DOFKA NAI MEUMAN (Apichatpong Weerasethakul, 2000)

This comment originally appeared as an entry in the 100 Greatest Asian Films list. However, today I have dropped it in favor of another film.

French poet André Breton founded Surrealism in the mid-1920s, inventing the parlor game cadavres exquis, in which members of a gathered group each contributes the next sequential part of a made-up story as a means of unearthing group unconsciousness, thus affirming group consciousness. This “pure psychic automatism,” as Breton called it, could generate fantastic, unexpected images that social strictures would otherwise suppress.

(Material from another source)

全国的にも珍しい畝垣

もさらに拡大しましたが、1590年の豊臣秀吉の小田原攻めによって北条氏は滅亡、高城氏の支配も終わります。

      Educated at the School of the Art Institute in Chicago, Thai filmmaker Apichatpong Weerasethakul has adopted Breton’s “Exquisite Corpses” to create an ebullient documentary. Apichatpong traveled throughout rural and urban Thailand interviewing ordinary people, each of whom contributed a line, an episode, whatever, to a continuous piece of make-believe about a handicapped child and his teacher, Dogfar. Some of the shown interviewees are making up their contribution; others, plainly, are drawing upon their own experiences. The result that Apichatpong fashions, in ravishing black and white, is a seamless, breathing fabric of people at work and in their daily routines, each in their different environment, interwoven with whatever each soul contributes to the ongoing “story,” as well as Apichatpong’s visual imaginings—dramatic enactments—of these contributions. A good deal of Keatsian negative capability is needed to navigate this eclectic, unsignposted movie.
      Apichatpong has said he is “interested in the possibilities of involving both fact and fiction in the same film.” His method sounds out the space where reality and imagination intersect and interact. Although this isn’t a lyrical film, the outcome resembles Vertov’s Three Songs of Lenin (1934), whose sum is a composite national portrait. Weerasethakul’s hymn to humanity, moreover, bursts with sounds of children at play.
      Incidentally, the title Dokfa nai meuman translates literally as Dogfar (or Heavenly Flowers) in the Hands of Devils. Here, it is called Mysterious Object at Noon. Close enough.